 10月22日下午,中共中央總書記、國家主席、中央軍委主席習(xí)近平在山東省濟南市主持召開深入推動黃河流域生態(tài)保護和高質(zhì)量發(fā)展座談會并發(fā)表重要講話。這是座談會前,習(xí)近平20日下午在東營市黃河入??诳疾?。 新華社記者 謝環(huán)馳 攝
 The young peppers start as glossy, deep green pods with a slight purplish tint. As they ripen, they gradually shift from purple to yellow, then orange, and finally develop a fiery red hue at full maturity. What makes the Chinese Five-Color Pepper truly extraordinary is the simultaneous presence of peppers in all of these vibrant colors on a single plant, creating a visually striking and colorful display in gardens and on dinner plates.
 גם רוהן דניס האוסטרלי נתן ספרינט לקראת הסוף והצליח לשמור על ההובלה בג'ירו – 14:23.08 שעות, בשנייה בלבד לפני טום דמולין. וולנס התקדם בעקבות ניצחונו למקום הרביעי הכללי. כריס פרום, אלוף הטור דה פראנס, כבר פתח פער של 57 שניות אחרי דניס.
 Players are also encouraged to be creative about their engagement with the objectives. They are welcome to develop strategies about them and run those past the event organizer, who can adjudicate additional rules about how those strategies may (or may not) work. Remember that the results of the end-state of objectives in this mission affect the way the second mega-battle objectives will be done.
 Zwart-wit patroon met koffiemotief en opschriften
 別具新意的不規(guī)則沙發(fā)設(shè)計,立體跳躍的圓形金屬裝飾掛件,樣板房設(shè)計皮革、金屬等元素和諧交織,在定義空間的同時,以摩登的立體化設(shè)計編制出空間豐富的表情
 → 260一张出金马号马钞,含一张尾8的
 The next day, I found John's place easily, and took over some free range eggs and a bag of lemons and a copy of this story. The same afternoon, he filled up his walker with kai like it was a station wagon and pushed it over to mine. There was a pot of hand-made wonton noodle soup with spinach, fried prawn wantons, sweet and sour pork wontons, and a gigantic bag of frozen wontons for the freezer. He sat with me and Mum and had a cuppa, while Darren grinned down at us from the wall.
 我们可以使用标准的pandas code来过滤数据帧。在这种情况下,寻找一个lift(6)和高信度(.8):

■ ■ ■ ■ ■ ■ ■

From the entries, copy every line in which the string "this" can be found.

§ Task solution:
 Players are also encouraged to be creative about their engagement with the objectives. They are welcome to develop strategies about them and run those past the event organizer, who can adjudicate additional rules about how those strategies may (or may not) work. Remember that the results of the end-state of objectives in this mission affect the way the second mega-battle objectives will be done.
 The next day, I found John's place easily, and took over some free range eggs and a bag of lemons and a copy of this story. The same afternoon, he filled up his walker with kai like it was a station wagon and pushed it over to mine. There was a pot of hand-made wonton noodle soup with spinach, fried prawn wantons, sweet and sour pork wontons, and a gigantic bag of frozen wontons for the freezer. He sat with me and Mum and had a cuppa, while Darren grinned down at us from the wall.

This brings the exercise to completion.